Excellent news that they are all safe.
Murdo


----------



## Nick Balls (Apr 5, 2008)

Looks Like the "Caledonian Victory rescued 15 British MN to the rescue !!!!!!


----------



## gordy (Apr 18, 2008)

A job well done by all concerned(Thumb)


----------



## Pompeyfan (Aug 9, 2005)

Thermal imaging pictures coming through on Sky News as I type.

David


----------



## Ron Stringer (Mar 15, 2005)

*Standby Vessels*

In the TV reports they said that Coastguard rescue helicopters had been scrambled to go to the assistance of the survivors in the water, and eventually spoke of the men being rescued by a lifeboat from a supply vessel that happened to be nearby.
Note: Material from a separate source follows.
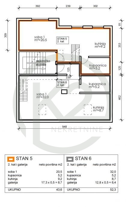 Stan se sastoji od 2 sobe, 2 kuhinje sa blagovaonom, 2 kupaone+galerija.

No mention of any standby vessel. Is that the usual journalistic ignorance or has the provision of standby vessels been a casualty of the run-down of the North Sea oil industry? Are they no longer a requirement?


----------



## portree (Dec 4, 2007)

You are quite correct Ron, i work for the RNLI and the number of times the media get it wrong when it comes to mixing up the SAR units is shocking, i guess the dudes in the water dont give a monkies who gets them, but a bit of correct press does a lot at times.


----------



## JimC (Nov 8, 2007)

I read this and one thing stood out - everyone was congratulating everyone else on a job well done.. and rightly so however before puting this story to bed, it should be remembered that this accident took place in ideal conditions. The aircraft was able to land on a relatively calm sea - the plight was in plain sight etc. 
Most of the time it's not like that on the North Sea. I spent over 25 years flying back and forward from all kinds of barges, ships and platforms and could count on one hand the number of times it was like that. I can remember in the early 70's when 'safety' was a word in the dictionary. I also remember the reluctance of everyone to take part in safety drills and the moans when we had to do our 'water sports' at Robert Gordon's but it has all been worth it - if not for surviving in a force 10..then at least for teaching everyone the 'drill' and turning out the kind of people who were 'in it' and all those dedicated lads and lassies who responded so magnificently. Sadly, it will happen again and again. That 'stuff' in the car or which heats your home does not give itself up easily.


----------



## Binnacle (Jul 22, 2005)

*Hi-Tech Boat Crucial in Rescue*

from BBC scotland :-

http://news.bbc.co.uk/1/hi/scotland/north_east/7900394.stm


----------



## mikeg (Aug 24, 2006)

*Pilots skill saving lives*

I take my hat off to that pilot who managed to keep his helicopter upright on landing, no mean feat (Thumb) it echoes the skill of the pilot and crew flying US Airways Flight 1549, the plane that landed in the Hudson River. (Applause)


----------



## Blackal (Jan 29, 2008)

I would hold back on the congratulations for the pilot until after the possibility of his dissorientation being the cause - is ruled out.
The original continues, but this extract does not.